Es evidente, sin embargo, que la historia de una vida tan abierta y tan rica, no puede ser narrada siquiera brevemente. Sólo podemos intentar vislumbrarla, pero aún así merece la pena. Un libro religioso sólo nos podrá atraer si completamos su estudio intentando conocer a su Maestro. Muchas religiones no han tenido en consideración este punto de vista. La religión hindú, por ejemplo, se apoya en los Vedas, pero no nos dice nada acerca de los Rishis que recibieron los Vedas de Dios. La necesidad de completar el mensaje mediante una biografía del mensajero no les parece exigible a los exegetas hindúes. Los sabios judíos y cristianos, al contrario, no dudan a la hora de denunciar a sus propios Profetas. Olvidan que una revelación que no ha podido reformar a su receptor no debe ser muy útil para los demás. Si el receptor es intratable, nos vemos obligados a preguntar: ¿Por qué lo eligió Dios? ¿Debió hacerlo? Ninguna de las dos suposiciones parece razonable. Pensar que la revelación no llega a reformar a algunos de sus receptores es tan poco razonable como pensar que Dios no tiene otra alternativa que elegir para la transmisión de Sus revelaciones a receptores incompetentes. Y sin embargo, ideas de este tipo han logrado introducirse en distintas religiones, posiblemente debido a la distancia que ahora las separa de sus Fundadores, o bien debido a que el intelecto humano, hasta el advenimiento del Islam, era incapaz de percibir el error de tales ideas.

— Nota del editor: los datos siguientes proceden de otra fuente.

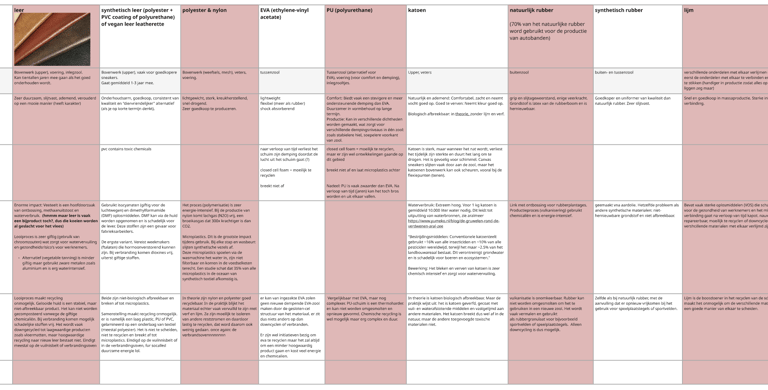 1. analyse van materialen die al gebruikt worden in conventionele sneakers en “next gen” materialen;

En los primeros años del Islam, el pueblo se dio cuenta de la importancia y el valor de considerar juntos el Libro y su Maestro. Una de las santas esposas del Santo Profeta(sa) fue la joven ‘A’ishara. Tenía unos trece o catorce años cuando se casó con el Santo Profeta(sa). Su unión duró unos ocho años. Al fallecer el Profeta(sa), ella tenía unos veintidós años. Era una joven analfabeta y sin embargo, sabía perfectamente que no se puede separar la enseñanza de quien la transmite. Cuando se le pidió que describiera el carácter del Santo Profeta(sa), respondió inmediatamente que su carácter era el Corán (Abu Dawud). Él practicó lo que enseñaba el Corán; lo que enseña el Corán no es otra cosa que lo que él hacía. Es una prueba de la gloria del Santo Profeta(sa) el hecho de que una joven analfabeta fuera capaz de comprender una verdad que se les había escapado a los eruditos judíos, hindúes y cristianos. Hazrat ‘A’ishara expresó en una breve frase una verdad fundamental: a un Maestro verdadero y honesto le resulta imposible predicar una cosa y practicar otra. El Santo Profeta(sa) fue un Maestro verdadero y honesto. Esto, evidentemente, es lo que quería decir Hazrat‘ A’ishara. Él practicaba lo que predicaba, y predicaba lo que practicaba. Conocerle a él es conocer el Corán. Y conocer el Corán es conocerle a él.